Concurring, as we do, in the opinion of the Board of Tax Appeals, that the contract in question was an entire and indivisible one, that the transaction was not closed until the year 1923, and that until that time the amount of the purchase price was not definitely ascertainable, fixed, or liquidated, and in view of the principles above announced, it becomes unnecessary to determine whether such contract was properly considered a "long-term" contract under Article 36 of Treasury Regulations 45, or whether taxes were properly assessed upon this hypothesis.
It is also contended that the Board of Tax Appeals erred in permitting a witness to answer the question: "Can you say how the parties arrived at the prices stated as the consideration in this contract?" A petition to review an order of the Board of Tax Appeals is an original proceeding authorized by statute, and not an appeal or error proceeding as from an inferior court. We are of the opinion that it is always permissible to offer extraneous evidence to show the circumstances and conditions surrounding the parties at the time the contract was made and to put the court, as far as may be, in the position of such parties (cf. Sawyer v. Eaton, 293 F. 898 [C.C.A. 1]); but were this principle not applied we are still of the opinion that error in the admission or rejection of evidence, according to strict principles of law, would not necessarily invalidate the decision of an administrative tribunal, and that it did not do so in this instance. The general intent of the parties to this contract is obvious from a reading of the contract itself without the aid of the testimony complained of.
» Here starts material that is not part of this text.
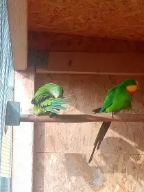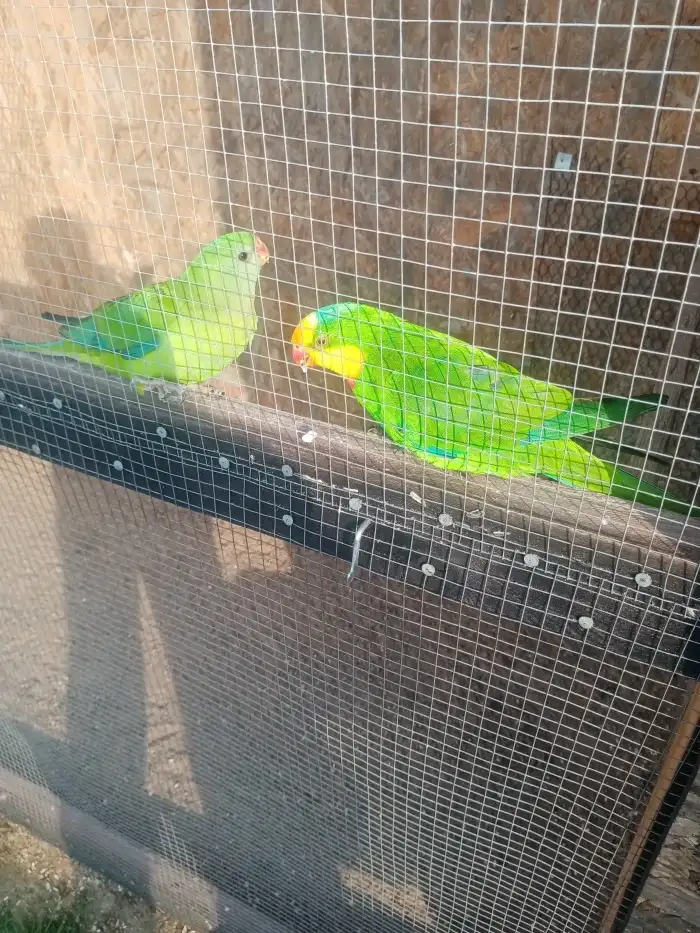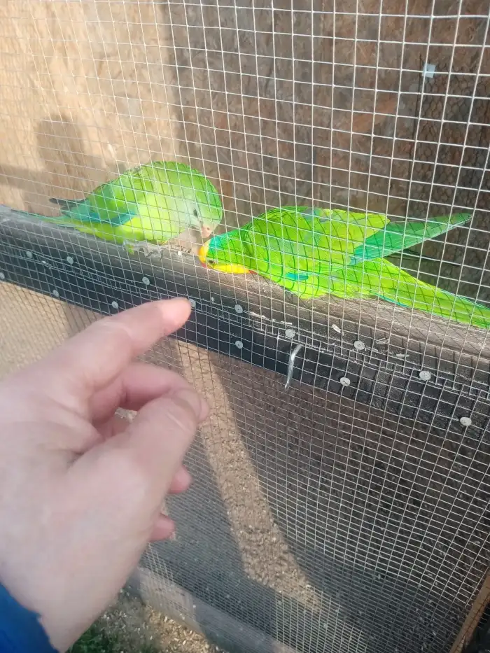 Prodám Papouška nádherného - Prodám 2 samce papouška nádherného, narození v květnu 2025, kroužkovaní, celoročně ve venkovní voliéře.
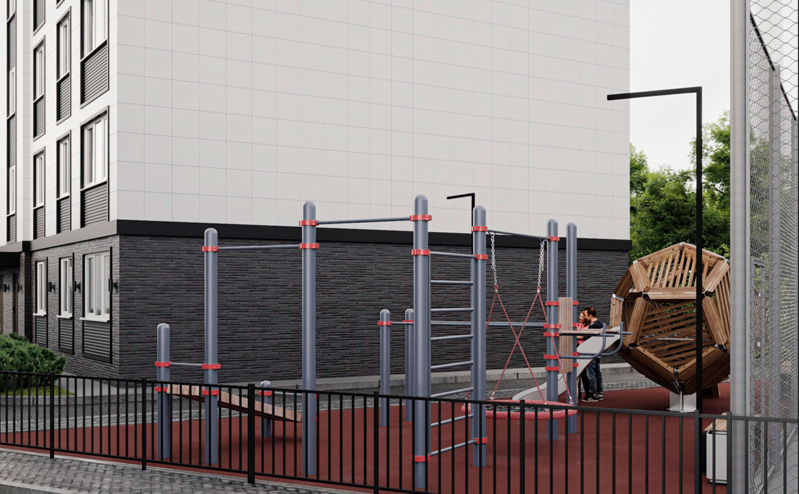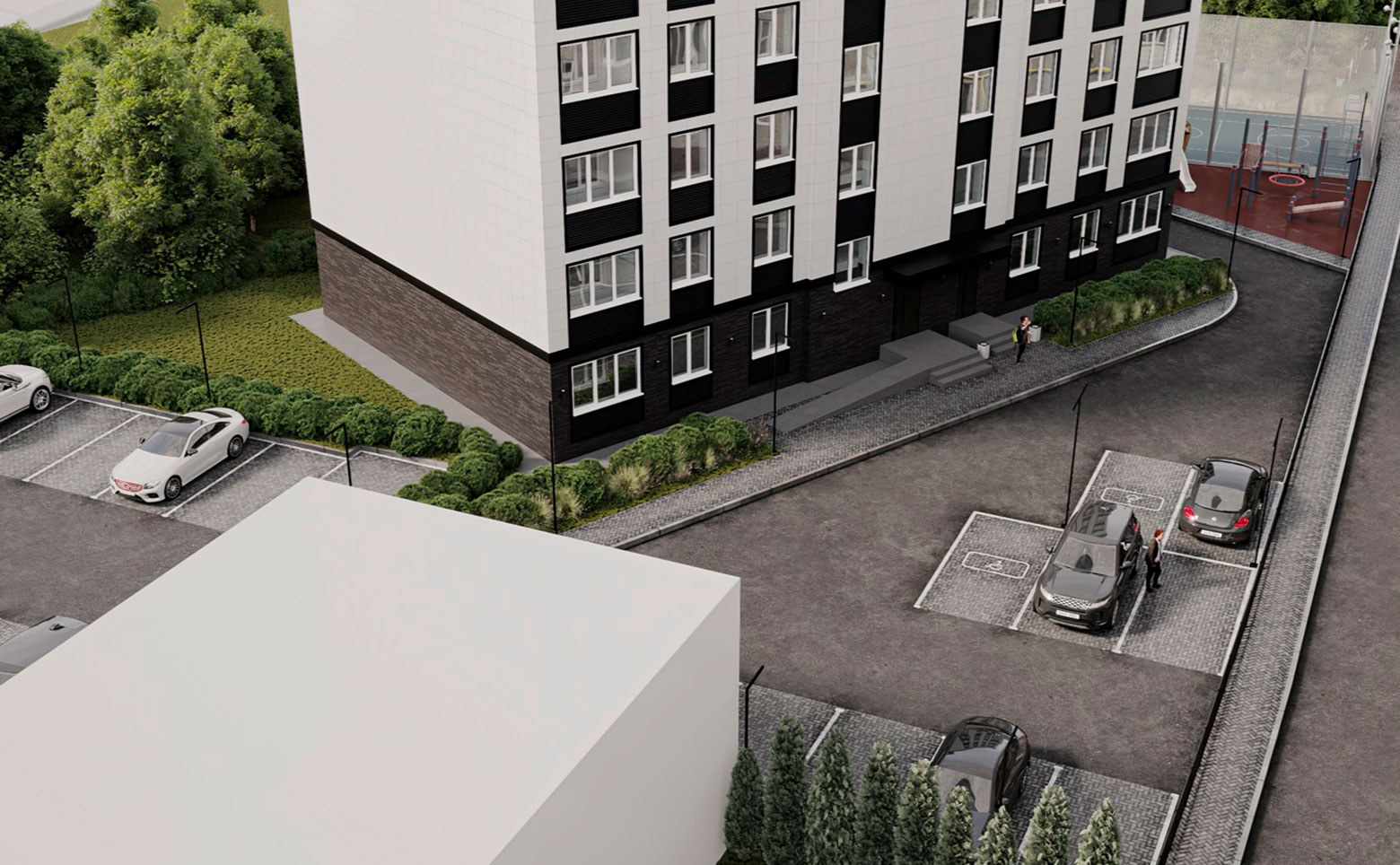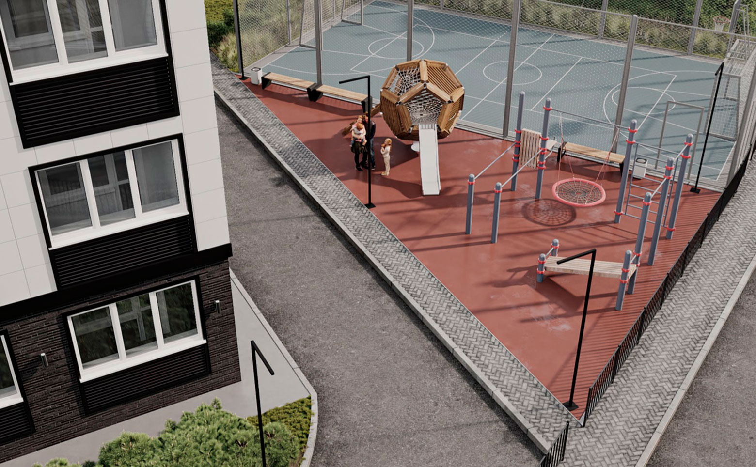 На территории жилого комплекса выполнены ландшафтный дизайн и озеленение. Двор оснащен детской и спортивной площадками. Для владельцев авто организована стоянка. Установлено видеонаблюдение и видеодомофоны.

Lastly, it is contended by the petitioner that notwithstanding the contract may be regarded as entire and indivisible in respect of the sale of the sawmill and the payment of premium or penalty in connection with the quantity of logs delivered, any profits resulting from the logging operations as such must be allocated to the years in which the deliveries were made and the payments received. Doubtless this is a sound contention, for the periodic delivery of such logs became an integral part of respondent's business for the years involved, and had no direct connection with the price to be paid for the sawmill; but the record is wholly insufficient for us to say that this course was not followed. The proposed redeterminations filed by both the petitioner and the respondent after promulgation of the decision of the board were in complete agreement. The details upon which that redetermination was founded, except in so far as it allocated profits from the sale of the sawmill to the year 1923, do not appear in the record. It must therefore be assumed, in the absence of a showing to the contrary, that these profits, if any, were taxed in the appropriate years. Technically, the only question for our decision is whether the Board of Tax Appeals was right in holding that the profit derived from the sale of the sawmill could not be allocated to the year 1920, and in this finding we concur.
The decision of the Board of Tax Appeals is affirmed.